The input:
******

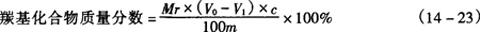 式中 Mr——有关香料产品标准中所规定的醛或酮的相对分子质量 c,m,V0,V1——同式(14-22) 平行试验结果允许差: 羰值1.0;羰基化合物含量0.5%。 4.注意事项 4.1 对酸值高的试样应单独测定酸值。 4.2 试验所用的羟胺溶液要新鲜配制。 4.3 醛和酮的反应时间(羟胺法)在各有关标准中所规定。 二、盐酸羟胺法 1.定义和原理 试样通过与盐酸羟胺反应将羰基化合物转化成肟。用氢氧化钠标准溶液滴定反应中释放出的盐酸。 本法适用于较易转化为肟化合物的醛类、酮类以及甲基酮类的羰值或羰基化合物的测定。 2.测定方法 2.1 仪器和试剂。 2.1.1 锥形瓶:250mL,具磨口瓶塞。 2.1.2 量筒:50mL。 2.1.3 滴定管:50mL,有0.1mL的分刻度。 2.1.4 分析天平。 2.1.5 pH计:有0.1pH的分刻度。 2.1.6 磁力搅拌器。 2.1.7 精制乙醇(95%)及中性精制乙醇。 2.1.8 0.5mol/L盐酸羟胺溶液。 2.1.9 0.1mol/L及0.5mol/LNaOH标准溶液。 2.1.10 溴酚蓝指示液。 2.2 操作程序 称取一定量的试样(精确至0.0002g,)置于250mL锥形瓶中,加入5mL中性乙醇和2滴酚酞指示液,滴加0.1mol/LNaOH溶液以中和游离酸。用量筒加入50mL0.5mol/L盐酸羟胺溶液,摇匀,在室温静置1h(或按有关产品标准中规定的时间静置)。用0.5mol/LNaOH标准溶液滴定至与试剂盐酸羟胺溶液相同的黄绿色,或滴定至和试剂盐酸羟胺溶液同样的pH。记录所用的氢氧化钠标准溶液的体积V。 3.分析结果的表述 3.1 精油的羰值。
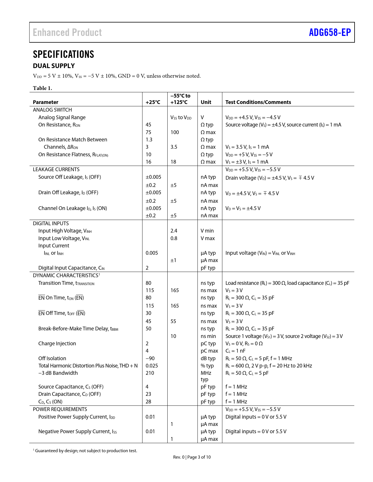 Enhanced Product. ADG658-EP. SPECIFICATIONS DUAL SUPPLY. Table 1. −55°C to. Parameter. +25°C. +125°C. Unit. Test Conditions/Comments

******

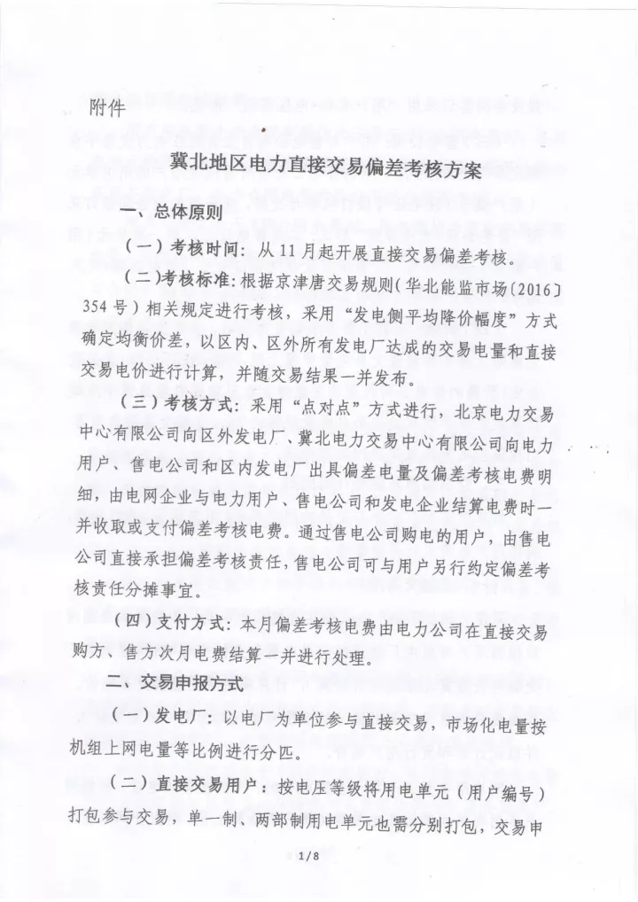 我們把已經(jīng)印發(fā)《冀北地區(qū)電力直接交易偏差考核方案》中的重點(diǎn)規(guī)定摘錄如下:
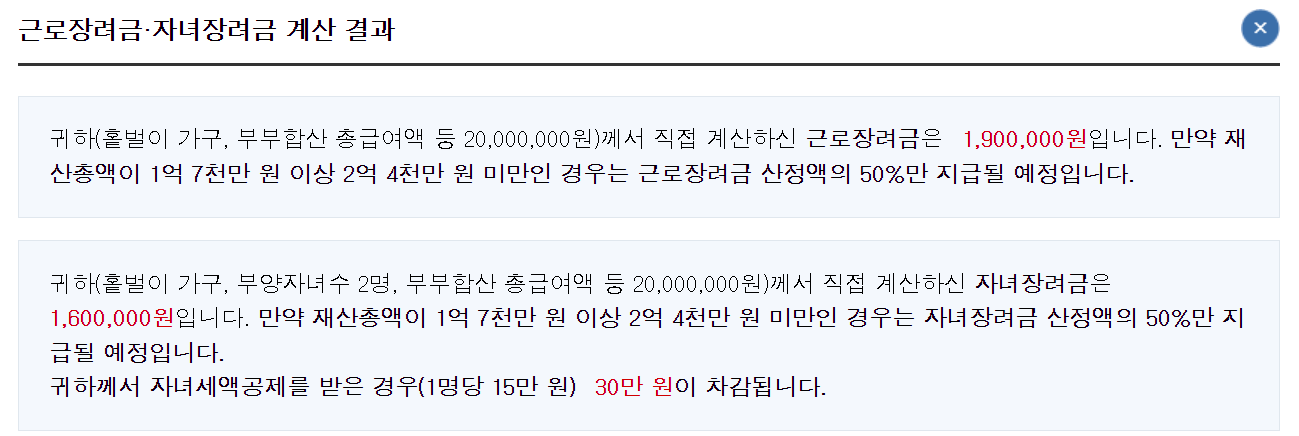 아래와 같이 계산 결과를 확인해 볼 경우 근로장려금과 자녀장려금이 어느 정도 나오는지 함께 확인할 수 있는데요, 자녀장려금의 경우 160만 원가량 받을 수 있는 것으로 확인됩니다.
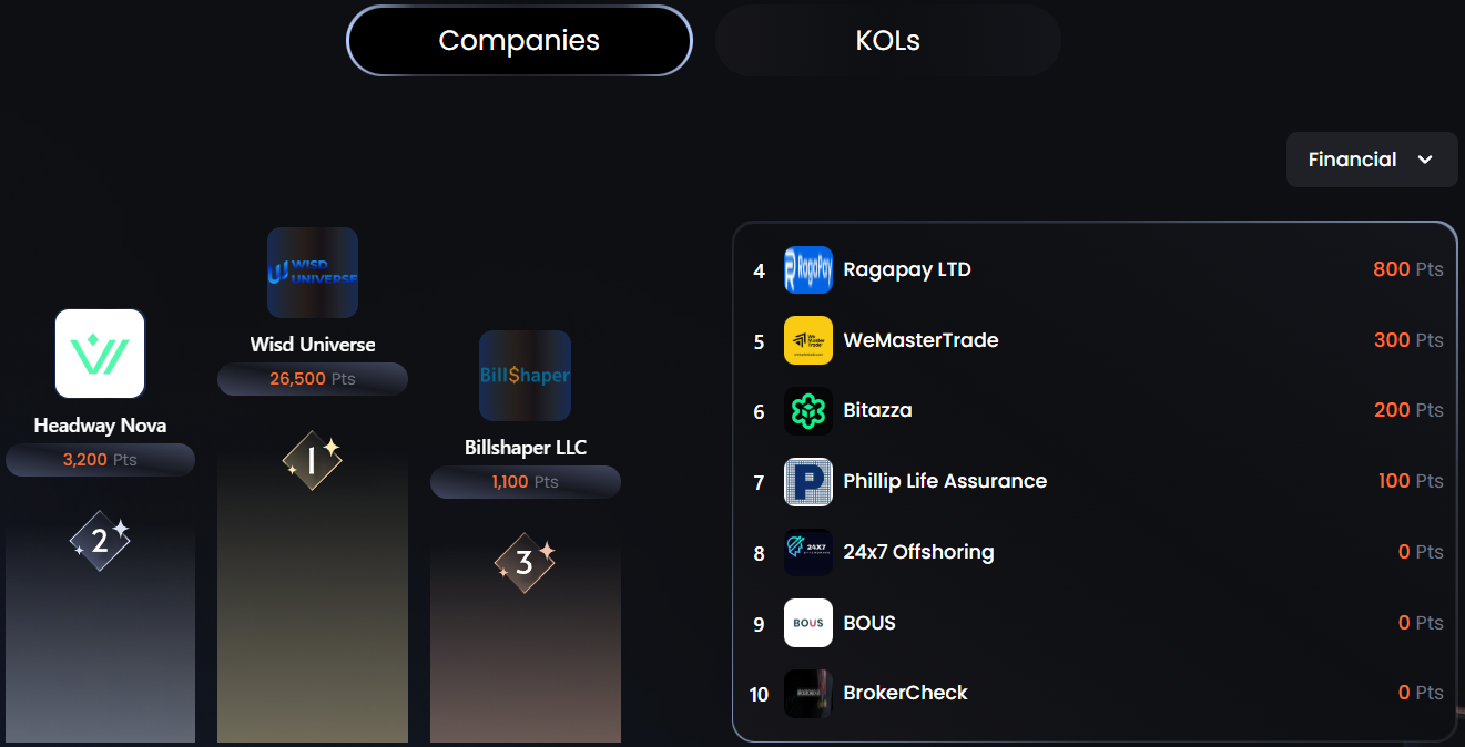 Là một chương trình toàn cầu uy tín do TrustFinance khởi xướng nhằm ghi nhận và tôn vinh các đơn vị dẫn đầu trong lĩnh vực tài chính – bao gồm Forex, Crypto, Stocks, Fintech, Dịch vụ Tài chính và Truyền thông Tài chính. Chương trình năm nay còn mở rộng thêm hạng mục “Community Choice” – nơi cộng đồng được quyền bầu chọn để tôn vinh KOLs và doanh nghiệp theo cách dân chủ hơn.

******

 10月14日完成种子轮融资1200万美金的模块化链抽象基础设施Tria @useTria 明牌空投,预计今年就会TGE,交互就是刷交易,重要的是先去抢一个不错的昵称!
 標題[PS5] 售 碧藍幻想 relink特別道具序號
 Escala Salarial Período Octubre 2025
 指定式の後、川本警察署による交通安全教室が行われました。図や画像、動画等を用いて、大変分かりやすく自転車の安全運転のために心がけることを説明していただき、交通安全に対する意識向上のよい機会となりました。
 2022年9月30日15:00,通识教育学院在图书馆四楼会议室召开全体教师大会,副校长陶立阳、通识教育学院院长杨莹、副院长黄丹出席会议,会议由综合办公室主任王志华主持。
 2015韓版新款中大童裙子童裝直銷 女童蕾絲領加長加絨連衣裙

******

Required work:
What you return must match the lines above from the one with "式中 Mr——有关香料产品标准中所规定的醛或酮的相对分子质量 c,m,V0,V1——同式(14-22)" through the one with "Enhanced Product. ADG658-EP." exactly, with both ends included and the pictures excluded.

Written solution:
 式中 Mr——有关香料产品标准中所规定的醛或酮的相对分子质量 c,m,V0,V1——同式(14-22) 平行试验结果允许差: 羰值1.0;羰基化合物含量0.5%。 4.注意事项 4.1 对酸值高的试样应单独测定酸值。 4.2 试验所用的羟胺溶液要新鲜配制。 4.3 醛和酮的反应时间(羟胺法)在各有关标准中所规定。 二、盐酸羟胺法 1.定义和原理 试样通过与盐酸羟胺反应将羰基化合物转化成肟。用氢氧化钠标准溶液滴定反应中释放出的盐酸。 本法适用于较易转化为肟化合物的醛类、酮类以及甲基酮类的羰值或羰基化合物的测定。 2.测定方法 2.1 仪器和试剂。 2.1.1 锥形瓶:250mL,具磨口瓶塞。 2.1.2 量筒:50mL。 2.1.3 滴定管:50mL,有0.1mL的分刻度。 2.1.4 分析天平。 2.1.5 pH计:有0.1pH的分刻度。 2.1.6 磁力搅拌器。 2.1.7 精制乙醇(95%)及中性精制乙醇。 2.1.8 0.5mol/L盐酸羟胺溶液。 2.1.9 0.1mol/L及0.5mol/LNaOH标准溶液。 2.1.10 溴酚蓝指示液。 2.2 操作程序 称取一定量的试样(精确至0.0002g,)置于250mL锥形瓶中,加入5mL中性乙醇和2滴酚酞指示液,滴加0.1mol/LNaOH溶液以中和游离酸。用量筒加入50mL0.5mol/L盐酸羟胺溶液,摇匀,在室温静置1h(或按有关产品标准中规定的时间静置)。用0.5mol/LNaOH标准溶液滴定至与试剂盐酸羟胺溶液相同的黄绿色,或滴定至和试剂盐酸羟胺溶液同样的pH。记录所用的氢氧化钠标准溶液的体积V。 3.分析结果的表述 3.1 精油的羰值。
 Enhanced Product. ADG658-EP. SPECIFICATIONS DUAL SUPPLY. Table 1. −55°C to. Parameter. +25°C. +125°C. Unit. Test Conditions/Comments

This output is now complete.